As if the dollar didn't have enough problems, Timothy Geithner took China's bait yesterday and said he was "quite open" to its suggestion this week to displace the greenback with an "international reserve currency." The dollar promptly fell and stocks followed, before the Treasury Secretary re-emerged to say "the dollar remains the world's dominant reserve currency. I think that's likely to continue for a long time."
Mr. Geithner is learning on the job, and yesterday's lesson is that it isn't smart to fool with currency markets when you are already tempting fate with a gigantic U.S. reflation. Treasury and the Federal Reserve are flooding the world with dollars to break the recession, and the world is rightly getting nervous. The solution floated by Chinese central bank governor Zhou Xiaochuan -- an increased role for the International Monetary Fund -- isn't desirable. But his warning about the dangers of dollar weakness and exchange-rate instability is still worth heeding.
Since the collapse of Bretton Woods in 1971, the global economy has tried to function with floating exchange rates, in which the "market" is said to set currency prices. As the world discovered in the 1970s and the Bush Treasury forgot, however, the market for currencies isn't the same as for apples or copper. Central banks control the supply of currencies through their monopoly on money creation. Often, as at the Alan Greenspan-Ben Bernanke-Donald Kohn Federal Reserve this decade, they get policy wrong, with disastrous consequences. Amid the global economic downturn, some central banks, like Vietnam's, are also turning to currency devaluation for a trade advantage.
Mr. Zhou may want to head off this potential train wreck. On Monday he proposed an international reserve currency "anchored to a stable benchmark and issued according to a clear set of rules." He wants the supply of money to allow for "timely adjustment" to "changing demand," and those adjustments to be "disconnected from economic conditions and sovereign interests of any single country." And he thinks the IMF can create a global currency by expanding the use of its already-existing Special Drawing Rights (SDRs), a synthetic currency linked to the underlying currencies of IMF states.

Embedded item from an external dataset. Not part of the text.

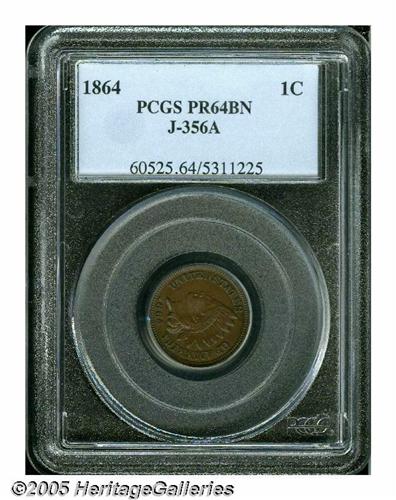 <B>1864<1C> One Cent, Judd-356A, Pollock-427, Low R.6, PR64 Brown PCGS.</B></I> Snow-PT1d. While both the obverse and the reverse of this example mimic those of the 1864 No L business strike cent, this pattern was struck on bronze planchets whose thickness resembles that of the copper-nickel issues. A seamless mahogany-brown near-Gem, razor-sharp and imposing.
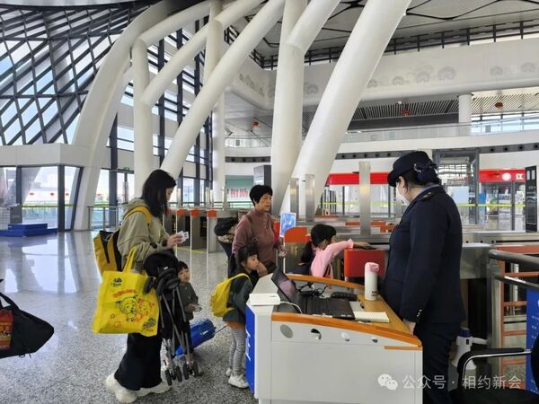 珠西综合交通枢纽江门站也迎来返程高峰。在江门站,记者看到,进出站乘客明显增多,工作人员和志愿者分散在站场各处,为旅客提供帮扶引导、咨询解答等贴心服务,让乘坐高铁的旅客从进站、过安检到候车大厅,再到检票上车等各环节都体验到“一站式”的便捷舒适服务。

Yet who would determine the "right price" of the SDR -- the IMF? The multilateral institution's economic prescriptions have sent numerous nations into tailspins, particularly in Asia. There's nothing to say, too, that national monetary authorities wouldn't cheat and adjust their domestic money supplies as they saw fit -- or apply political pressure on the IMF to change the SDR's currency weightings in their favor.
But the main problem with the SDR is that it can't be used for anything in the real world. When the IMF allocates SDRs, recipient countries exchange them for local currencies at local central banks. That money is then used to buy real assets and facilitate trade. That exchange inflates the money supply of the domestic country that's accepting the SDRs in exchange for local currency.
There isn't consensus within China's central bank on the idea of empowering the IMF, though Beijing is eager to have more say at the institution. Hu Xiaolian, a vice governor of the bank, said Monday that "investing in U.S. Treasury bonds is an important component of China's foreign currency reserve investments." She added: "We are naturally relatively concerned with the safety and profitability of U.S. government bonds."
Ms. Hu isn't alone, and we only wish the Treasury, the White House and the Fed were equally as concerned. The dollar's status as a reserve currency gives the U.S. enormous advantages, and it should be protected ferociously by our public officials. It means we don't have to repay our debts in foreign currency and that our borrowing costs are cheaper. To the extent that the rest of the world follows a dollar standard, it also gives us far greater global sway.
It is this influence that Russia, China and others sometimes resent and would like to see displaced. The problem is that there really isn't an obvious successor to the dollar. No other economy is large enough, with deep enough capital markets. The euro might become an alternative down the road, but it remains too new and lacks the necessary underpinning of political cohesion.
Yet Mr. Zhou's demarche is also a warning that reserve currency status carries special obligations. It means the U.S. isn't conducting monetary policy only for itself but for much of the world. And it means that when the U.S. falls for the temptation to debase its currency, it sends shocks through the entire global trading system. The dollar's sharp but needless gyrations during this decade are in our view one of the major causes of the housing and commodity asset bubbles that led to the financial panic and global recession.
If Mr. Geithner meant yesterday that he is "open" to broader monetary and exchange-rate cooperation, that could be a step forward. But instead of abdicating to IMF bureaucrats, this would mean working with the world's most important governments and central banks -- for starters, the Fed, ECB, and the Banks of England, Japan and China. The world could use monetary reform, but the goal should be to reduce currency fluctuations and enhance price stability and world trade. In the meantime, the dollar's special status is an asset worth preserving.